Rated: T - French - Tragedy/Mystery - Reviews: 17 - Updated: 05-12-09 - Published: 06-19-08 - id:4335290

Voilà comme l’indécise que je suis a changé son mode de narration, une fois de plus.
Il se peut que je prenne le temps de réécrire les anciens chapitres, c’est vrai que ça ne fait pas très joli, enfin peut-être qu’il y en a qui aiment puisqu’ils en sont déjà à lire ce chapitre.

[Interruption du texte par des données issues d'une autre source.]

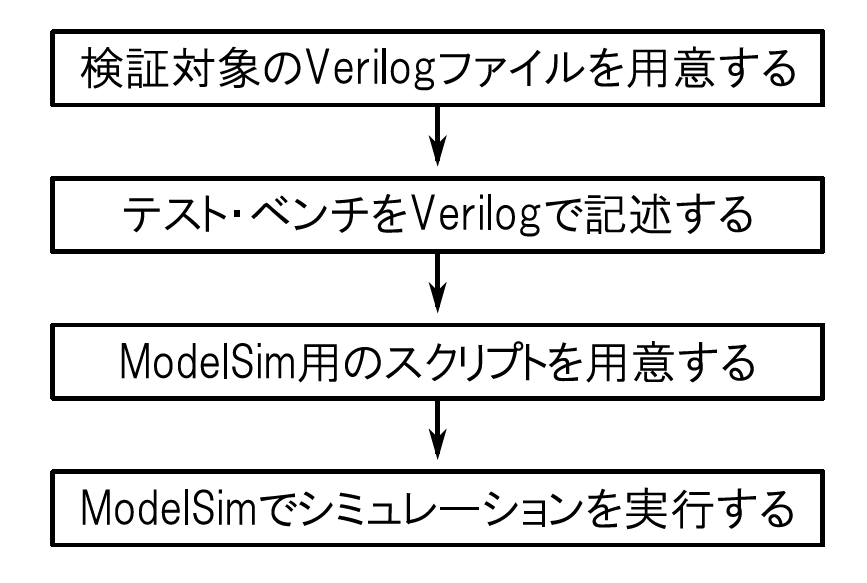 ModelSimにおけるシミュレーションは,必要なVerilogファイル(検証対象のモジュールやテスト・ベンチ)の読み込み,Verilogファイルのコンパイル,シミュレーションの実行処理,波形表示の設定など,数段階の手順を踏んで行われます.

XD

Je tiens également à ajouté que j'ai mis un lien sur le profile vers un dessin de Jill (pour ceux qui ont du mal à se l’imaginer).
Merci pour votre fidélité et bonne lecture.

Chapitre 9, L’enfant damnée.

- Désolé de te couper la parole mais je ne veux plus rien entendre pour le moment.

A bout, le visage assombri et les poings serrés, Edward était assis sur le lit à côté de la chimère. Il n’avait qu’une envie, celle de frapper, frapper Envy, frapper les militaires, se frapper lui-même, même les défunts parents de Jill.
Jill qui était plutôt sereine malgré tout ce qu’elle venait de lui raconter, se pencha vers lui.

- Je comprends. C’est toujours dur de m’écouter jusqu’à la fin sans perdre patience.
- Désolé.
- Non, merci beaucoup.
- Merci ?
- Je me suis bien amusée à ce jeu du chat et la souris, on recommence ?
- Q-quoi ? Mais tu as quel âge ?!
- Biiin 17 ans, désolée, j’aime bien m’amuser quand je croise quelqu’un qui a environ mon âge…A croire que j’ai une part de chien en moi.
- Peut-être…

Le blond repensait à la petite Nina aussi injustement changée en chimère puis tuée. Puis il « revint » dans le présent et se mit à s’inquiéter du futur de Jill.

- Jill…que veux-tu faire à l’avenir ?
- Je n’aime pas en parler.
- Ne me dis pas que tu souhaites redevenir humaine ?
- Je sais aussi bien que toi que c’est impossible sans pierre philosophale.
- Oui, mais réponds-moi…
- Non Edward, je n’ai pas ce genre de projet. Moi, ce que je veux…

Elle s’allongea à côté de lui et fixa le plafond, une certaine lueur semblable à de l’espoir était visible dans ses yeux.

- Ce que je veux, c’est que les gens n’aient plus peur de moi…Être acceptée par la population pour ce que je suis…
- C’est plutôt une sage façon d’envisager ton futur.
- Sage mais à la limite du possible, il y a eu trop de morts et l’armée est contre moi.
- C’est vrai que tu as tué beaucoup d’Alchimistes d’Etat.
- Je ne les ai pas tués !
- Pas la peine de me mentir Jill…
- Je ne mens pas…je…il m’arrive de perdre le contrôle, dit la chimère en baissant les oreilles.
- Tu perds le contrôle ?
- Depuis que je suis passée de l’autre côté, il y a quelque chose en moi. Dès que je panique ou suis gravement blessée… « ça sort ».
- « ça sort » ?
- S’il te plaît, Edward, je ne veux pas en parler…c’est trop tôt.

Le jour se levait dehors et les premiers rayons éclairaient la pièce d’une lueur rosée. Jill se leva, alla chercher des vêtements et partit dans la salle de bain. Elle en sortit 2 minutes plus tard sous son apparence humaine.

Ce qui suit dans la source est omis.